Sampling methods for anomaly detection models.

This module provides sampling techniques used in anomaly detection models to select representative samples from datasets.

Classes:
KCenterGreedy: K-center greedy sampling algorithm that selects diverse and

representative samples.

Example

>>> import torch
>>> from anomalib.models.components.sampling import KCenterGreedy
>>> # Create sampler
>>> sampler = KCenterGreedy()
>>> # Sample from feature embeddings
>>> features = torch.randn(100, 512)  # 100 samples with 512 dimensions
>>> selected_idx = sampler.select_coreset(features, n=10)
class anomalib.models.components.sampling.KCenterGreedy(embedding, sampling_ratio)#

Bases: object

k-center-greedy method for coreset selection.

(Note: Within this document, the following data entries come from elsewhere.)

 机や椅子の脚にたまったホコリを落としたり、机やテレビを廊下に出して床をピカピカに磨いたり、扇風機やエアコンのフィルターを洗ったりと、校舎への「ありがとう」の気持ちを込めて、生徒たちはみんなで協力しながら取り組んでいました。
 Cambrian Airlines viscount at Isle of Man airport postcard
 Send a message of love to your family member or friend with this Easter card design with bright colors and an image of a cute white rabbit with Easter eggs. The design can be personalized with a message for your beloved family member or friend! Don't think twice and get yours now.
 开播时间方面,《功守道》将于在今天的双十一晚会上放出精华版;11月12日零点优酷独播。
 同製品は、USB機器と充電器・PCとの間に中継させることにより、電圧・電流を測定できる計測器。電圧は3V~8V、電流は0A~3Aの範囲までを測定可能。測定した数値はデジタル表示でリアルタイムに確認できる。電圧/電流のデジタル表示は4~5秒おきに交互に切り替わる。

This class implements the k-center-greedy method to select a coreset from an embedding space. The method aims to minimize the maximum distance between any point and its nearest center.

Parameters:
  • embedding (torch.Tensor) – Embedding tensor extracted from a CNN.

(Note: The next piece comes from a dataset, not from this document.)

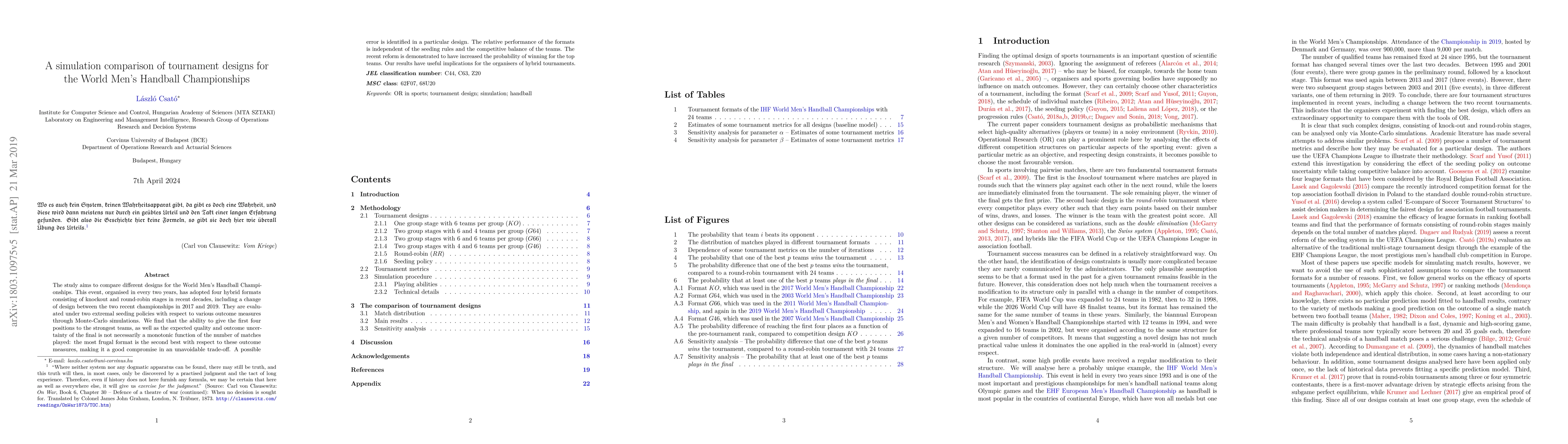 The study compares various tournament designs for the World Men's Handball Championships using Monte-Carlo simulations, finding that the most frugal format offers a good compromise despite not always maximizing the number of matches. The recent design change has increased the winning chances for top teams, providing valuable insights for tournament organizers.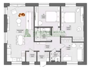 Планировка дома: 3 изолированных комнаты (22,7 - 21,1 - 25,4 кв.м), большая кухня-гостинная 62,6 кв.м, два сан.узла, прихожая 26,3 кв.м, гардеробная, котельная 2,6 кв.м

  • sampling_ratio (float) – Ratio to determine coreset size from embedding size.

embedding#

Input embedding tensor.

Type:

torch.Tensor

coreset_size#

Size of the coreset to be selected.

Type:

int

model#

Dimensionality reduction model.

Type:

SparseRandomProjection

features#

Transformed features after dimensionality reduction.

Type:

torch.Tensor

min_distances#

Minimum distances to cluster centers.

Type:

torch.Tensor

n_observations#

Number of observations in the embedding.

Type:

int

Example

>>> import torch
>>> embedding = torch.randn(219520, 1536)
>>> sampler = KCenterGreedy(embedding=embedding, sampling_ratio=0.001)
>>> sampled_idxs = sampler.select_coreset_idxs()
>>> coreset = embedding[sampled_idxs]
>>> coreset.shape
torch.Size([219, 1536])
get_new_idx()#

Get index of the next sample based on maximum minimum distance.

Returns:

Index of the selected sample.

Return type:

int

Raises:

TypeError – If self.min_distances is not a torch.Tensor.

reset_distances()#

Reset minimum distances to None.

Return type:

None

sample_coreset(selected_idxs=None)#

Select coreset from the embedding.

Parameters:

selected_idxs (list[int] | None, optional) – Indices of pre-selected samples. Defaults to None.

Returns:

Selected coreset.

Return type:

torch.Tensor

Example

>>> import torch
>>> embedding = torch.randn(219520, 1536)
>>> sampler = KCenterGreedy(embedding=embedding, sampling_ratio=0.001)
>>> coreset = sampler.sample_coreset()
>>> coreset.shape
torch.Size([219, 1536])
select_coreset_idxs(selected_idxs=None)#

Greedily form a coreset to minimize maximum distance to cluster centers.

Parameters:

selected_idxs (list[int] | None, optional) – Indices of pre-selected samples. Defaults to None.

Returns:

Indices of samples selected to minimize distance to cluster

centers.

Return type:

list[int]

Raises:

ValueError – If a newly selected index is already in selected_idxs.

update_distances(cluster_centers)#

Update minimum distances given cluster centers.

Parameters:

cluster_centers (list[int]) – Indices of cluster centers.

Return type:

None